⟨

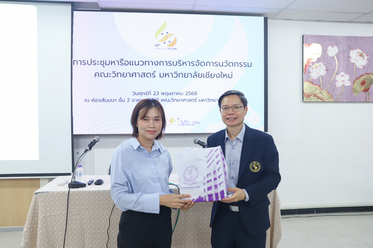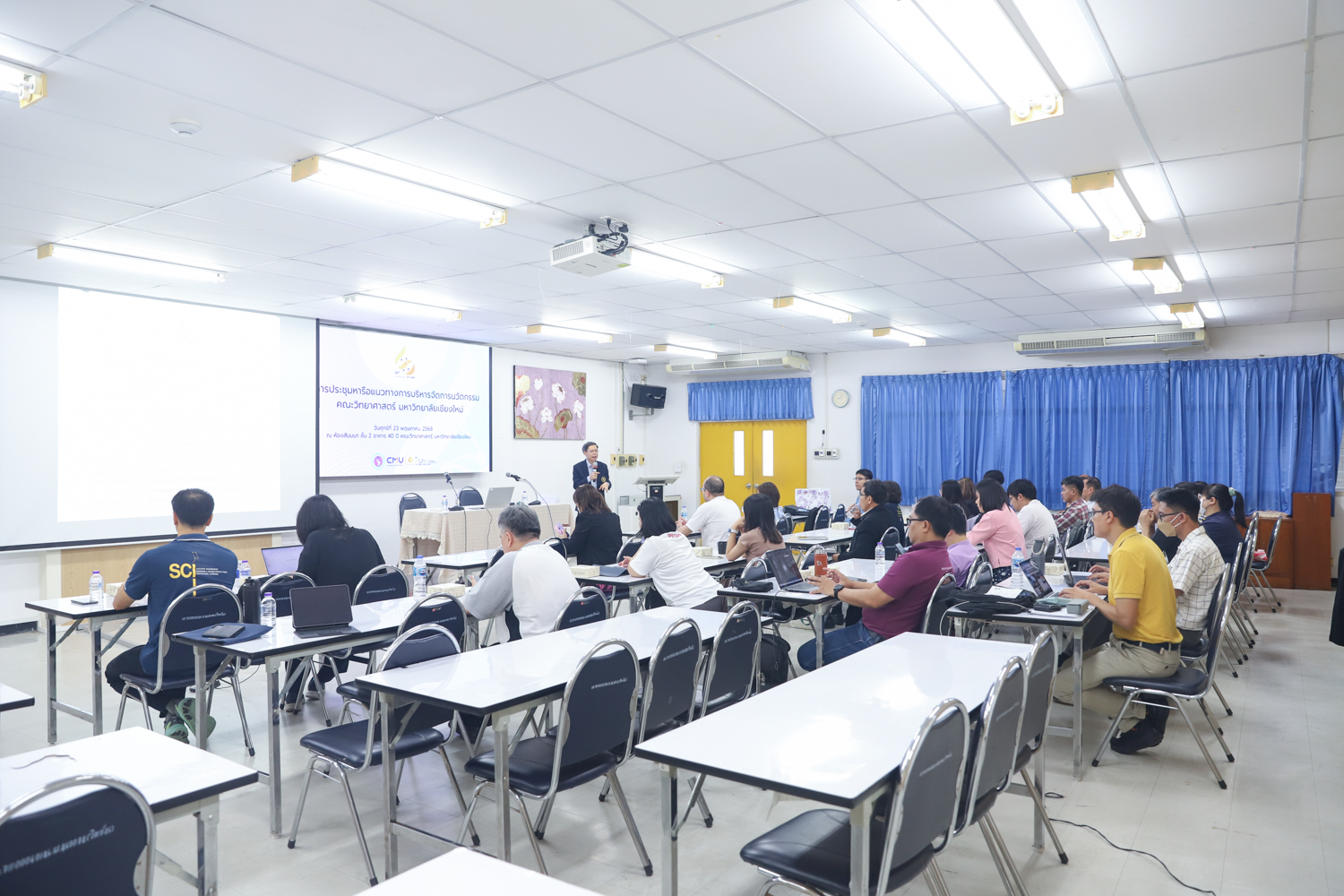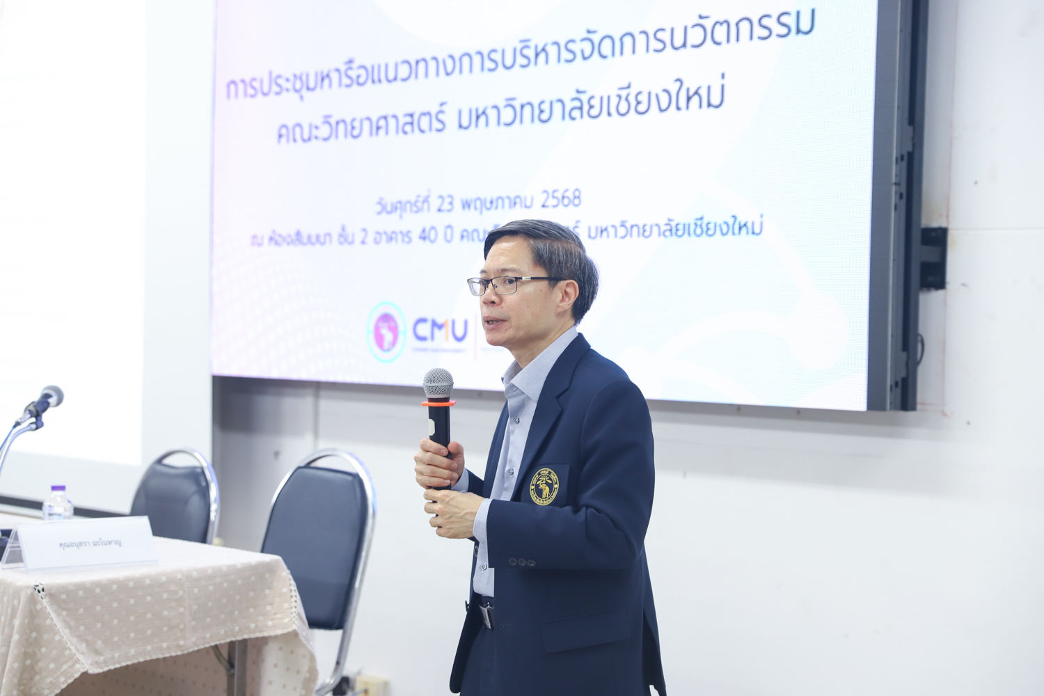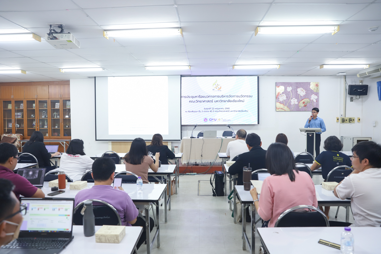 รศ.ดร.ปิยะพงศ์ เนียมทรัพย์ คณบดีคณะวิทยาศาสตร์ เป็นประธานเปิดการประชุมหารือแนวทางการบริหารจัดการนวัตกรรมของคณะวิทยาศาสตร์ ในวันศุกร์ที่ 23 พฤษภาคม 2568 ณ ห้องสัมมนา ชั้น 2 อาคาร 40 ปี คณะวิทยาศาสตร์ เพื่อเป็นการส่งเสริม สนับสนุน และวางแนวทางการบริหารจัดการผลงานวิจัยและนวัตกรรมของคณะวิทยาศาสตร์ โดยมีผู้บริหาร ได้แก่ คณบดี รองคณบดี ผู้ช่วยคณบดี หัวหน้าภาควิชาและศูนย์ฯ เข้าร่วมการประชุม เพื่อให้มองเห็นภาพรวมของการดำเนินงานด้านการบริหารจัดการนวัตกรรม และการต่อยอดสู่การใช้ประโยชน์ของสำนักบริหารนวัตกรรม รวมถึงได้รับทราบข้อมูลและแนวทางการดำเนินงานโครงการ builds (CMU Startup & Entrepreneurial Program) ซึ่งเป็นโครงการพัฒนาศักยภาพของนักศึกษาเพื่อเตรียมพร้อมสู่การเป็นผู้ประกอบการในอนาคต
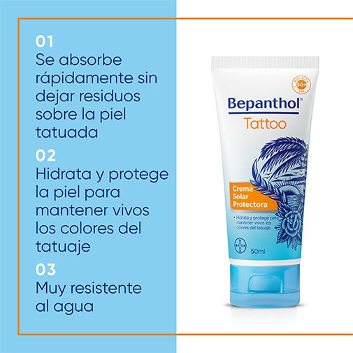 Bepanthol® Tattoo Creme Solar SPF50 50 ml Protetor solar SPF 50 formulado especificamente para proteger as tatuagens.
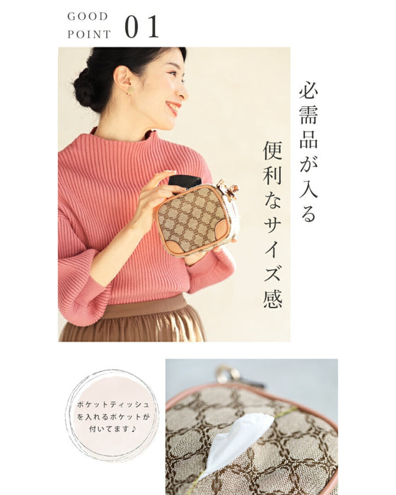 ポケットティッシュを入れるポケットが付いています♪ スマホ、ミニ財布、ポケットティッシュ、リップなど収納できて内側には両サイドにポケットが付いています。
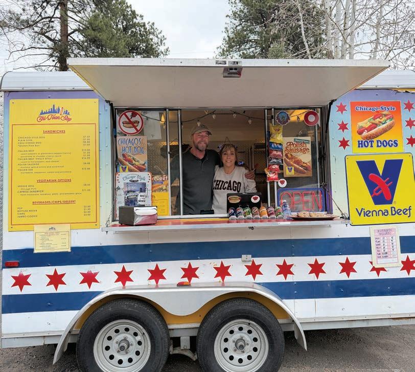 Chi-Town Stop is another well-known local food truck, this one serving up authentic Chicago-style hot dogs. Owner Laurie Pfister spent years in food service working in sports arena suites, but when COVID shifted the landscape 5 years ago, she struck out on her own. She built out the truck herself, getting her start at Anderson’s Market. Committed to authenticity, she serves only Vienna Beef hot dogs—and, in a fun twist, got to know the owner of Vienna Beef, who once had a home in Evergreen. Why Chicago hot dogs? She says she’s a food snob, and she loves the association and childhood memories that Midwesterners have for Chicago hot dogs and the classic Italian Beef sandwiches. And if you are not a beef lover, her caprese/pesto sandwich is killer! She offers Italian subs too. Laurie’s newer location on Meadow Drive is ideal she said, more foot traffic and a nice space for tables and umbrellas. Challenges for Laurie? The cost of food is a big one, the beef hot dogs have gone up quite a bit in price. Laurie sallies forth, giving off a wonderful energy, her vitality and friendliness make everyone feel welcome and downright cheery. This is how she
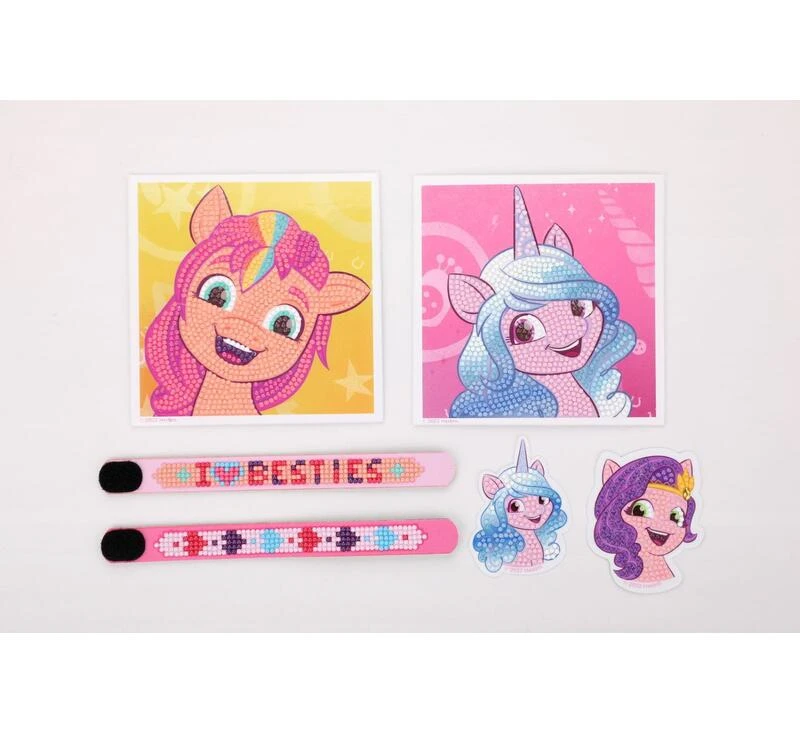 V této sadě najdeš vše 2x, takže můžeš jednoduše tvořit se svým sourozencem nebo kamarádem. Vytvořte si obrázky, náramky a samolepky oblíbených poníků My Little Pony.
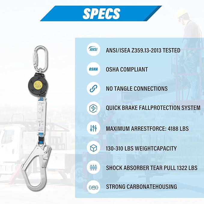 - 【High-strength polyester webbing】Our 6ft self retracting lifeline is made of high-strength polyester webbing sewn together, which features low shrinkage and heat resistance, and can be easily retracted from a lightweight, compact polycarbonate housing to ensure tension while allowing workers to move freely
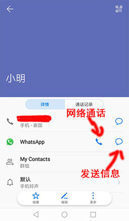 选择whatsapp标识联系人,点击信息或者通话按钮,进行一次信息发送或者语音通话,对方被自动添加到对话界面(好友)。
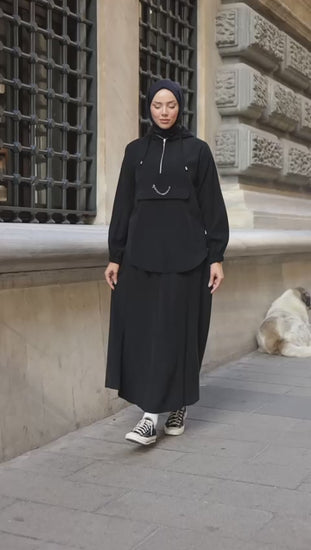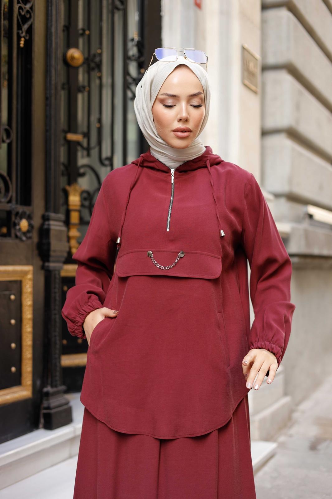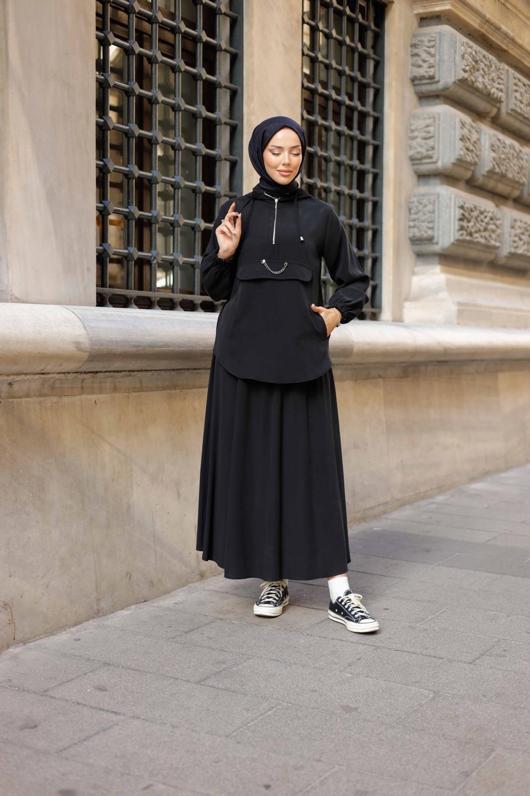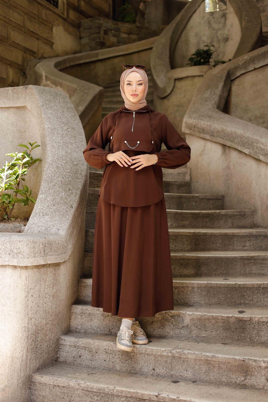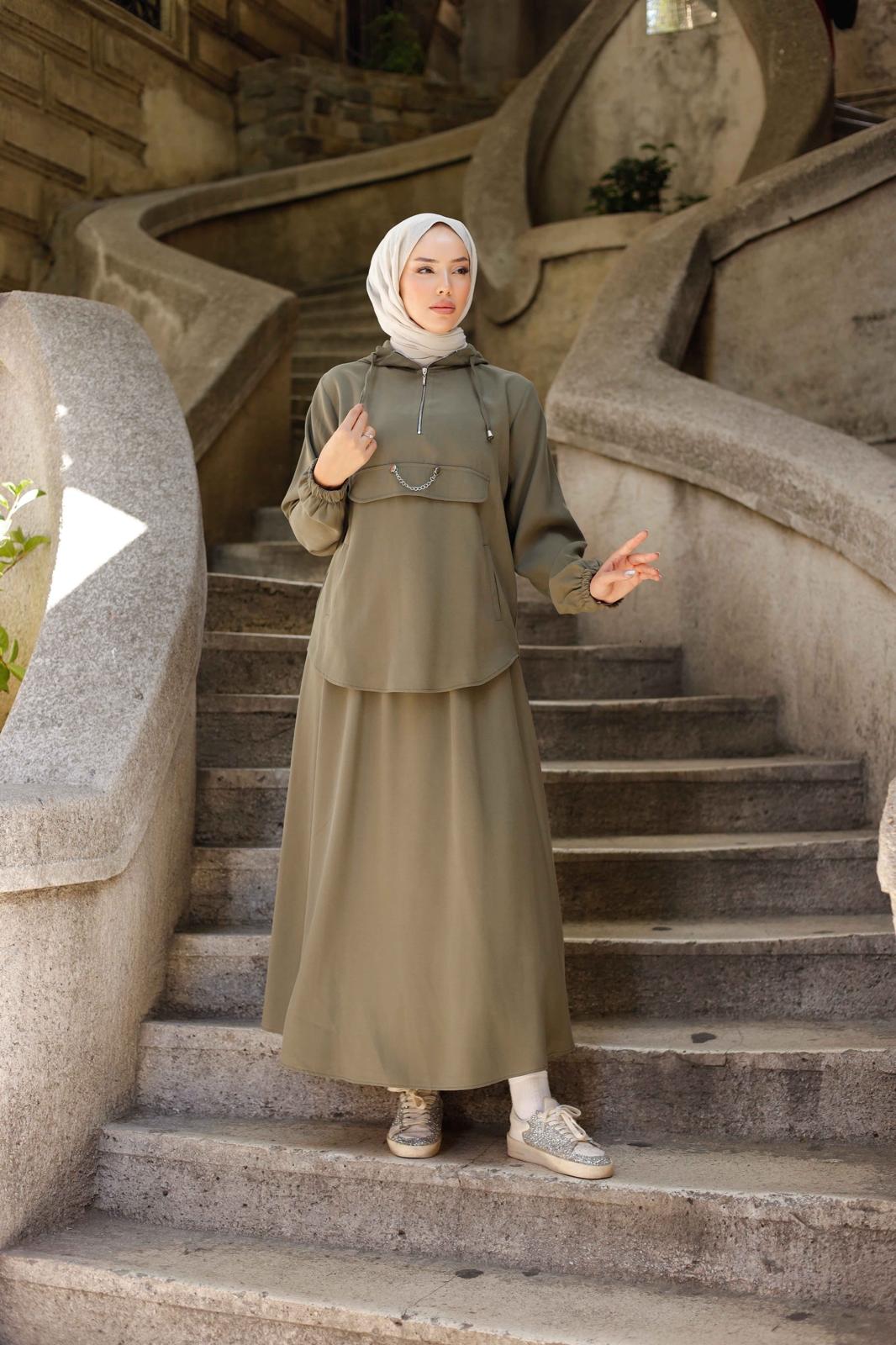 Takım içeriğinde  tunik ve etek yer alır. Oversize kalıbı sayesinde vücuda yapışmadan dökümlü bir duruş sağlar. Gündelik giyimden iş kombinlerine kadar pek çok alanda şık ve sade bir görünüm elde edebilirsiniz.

⟩

Nothing but the lines from the top of the data above through the line containing "Bepanthol® Tattoo Creme" should be output, exactly as written and without the pictures.

 รศ.ดร.ปิยะพงศ์ เนียมทรัพย์ คณบดีคณะวิทยาศาสตร์ เป็นประธานเปิดการประชุมหารือแนวทางการบริหารจัดการนวัตกรรมของคณะวิทยาศาสตร์ ในวันศุกร์ที่ 23 พฤษภาคม 2568 ณ ห้องสัมมนา ชั้น 2 อาคาร 40 ปี คณะวิทยาศาสตร์ เพื่อเป็นการส่งเสริม สนับสนุน และวางแนวทางการบริหารจัดการผลงานวิจัยและนวัตกรรมของคณะวิทยาศาสตร์ โดยมีผู้บริหาร ได้แก่ คณบดี รองคณบดี ผู้ช่วยคณบดี หัวหน้าภาควิชาและศูนย์ฯ เข้าร่วมการประชุม เพื่อให้มองเห็นภาพรวมของการดำเนินงานด้านการบริหารจัดการนวัตกรรม และการต่อยอดสู่การใช้ประโยชน์ของสำนักบริหารนวัตกรรม รวมถึงได้รับทราบข้อมูลและแนวทางการดำเนินงานโครงการ builds (CMU Startup & Entrepreneurial Program) ซึ่งเป็นโครงการพัฒนาศักยภาพของนักศึกษาเพื่อเตรียมพร้อมสู่การเป็นผู้ประกอบการในอนาคต
 Bepanthol® Tattoo Creme Solar SPF50 50 ml Protetor solar SPF 50 formulado especificamente para proteger as tatuagens.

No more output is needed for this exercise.